Data for analysis Block Start
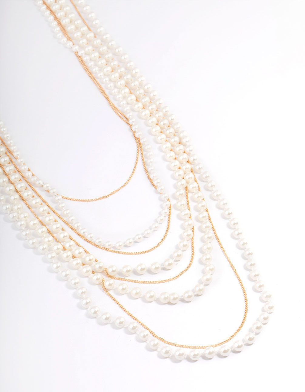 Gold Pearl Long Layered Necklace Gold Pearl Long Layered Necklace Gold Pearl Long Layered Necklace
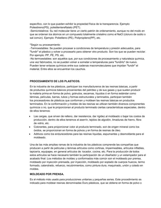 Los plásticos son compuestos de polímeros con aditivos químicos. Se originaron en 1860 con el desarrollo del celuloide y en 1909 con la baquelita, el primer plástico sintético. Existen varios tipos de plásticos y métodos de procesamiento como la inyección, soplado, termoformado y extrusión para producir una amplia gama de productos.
Data for analysis Block End
Data for analysis Block Start
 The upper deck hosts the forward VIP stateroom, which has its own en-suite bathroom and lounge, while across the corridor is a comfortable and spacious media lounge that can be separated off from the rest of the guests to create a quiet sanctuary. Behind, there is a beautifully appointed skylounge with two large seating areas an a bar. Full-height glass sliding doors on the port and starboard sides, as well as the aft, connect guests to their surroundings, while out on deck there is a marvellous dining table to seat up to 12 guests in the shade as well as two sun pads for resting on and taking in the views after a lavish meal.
Data for analysis Block End
Set the pictures aside and reproduce exactly the lines above, from the line holding "Gold Pearl Long Layered Necklace Gold" through the line holding "Los plásticos son", both included, with nothing else.

**Expected answer**
 Gold Pearl Long Layered Necklace Gold Pearl Long Layered Necklace Gold Pearl Long Layered Necklace
 Los plásticos son compuestos de polímeros con aditivos químicos. Se originaron en 1860 con el desarrollo del celuloide y en 1909 con la baquelita, el primer plástico sintético. Existen varios tipos de plásticos y métodos de procesamiento como la inyección, soplado, termoformado y extrusión para producir una amplia gama de productos.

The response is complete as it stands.